Crosby had a daughter with a girlfriend but soon left her for Jan Dance, who moved in with him in 1978. That relationship lasted and they had a son, Django, in 1995.

Crosby introduced Dance to heroin and the free-basing method of smoking cocaine. “We went down the tubes together, but we did it with our hearts intertwined,” he wrote.

There were several failed attempts at rehab, and Crosby developed a reputation as a bloated, hapless addict. In 1985, Nash told Rolling Stone: “I’ve tried everything — extreme anger, extreme compassion. I’ve gotten 20 of his best friends in the same room with him. I’ve tried hanging out with him. I’ve tried not hanging out with him.”

Crosby beat a series of drug charges but lost in Texas after being arrested with a drug pipe and gun at a club in Dallas and went to prison in 1985. The prison system required him to shave his trademark bushy mustache, but he found solace in playing in the prison band during his year of incarceration.

“Playing and singing straight was an unfamiliar feeling,” he wrote. “I hadn’t been onstage with a drug-free system in more than 25 years.”

After his release, Crosby told People magazine he had beaten his addictions.

“Most people who go as far as I did with drugs are dead,” he said. “Hard drugs will hook anyone. I don’t care who you are. … I have a Ph.D. in drugs.”

He was also arrested on gun and marijuana charges in New York in 2004.

In 2014 he released “Croz,” his first solo album since 1993, but his tour to promote the record was interrupted in February by heart surgery.

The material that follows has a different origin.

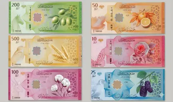 - الأوراق النقدية: 50، 100، 200، 500، 1000، 2000، 5000 ليرة سورية

He continued recording and was an active presence on Twitter, in addition to writing an advice column in Rolling Stone.

In March 2021, The Guardian reported that Crosby sold the recorded music and publishing rights to his entire music catalog to Irving Azoff’s Iconic Artists Group for an undisclosed sum. He was quoted as saying that the COVID-19 pandemic prevented him from playing concerts and that the widespread use of music streaming “stole my money.”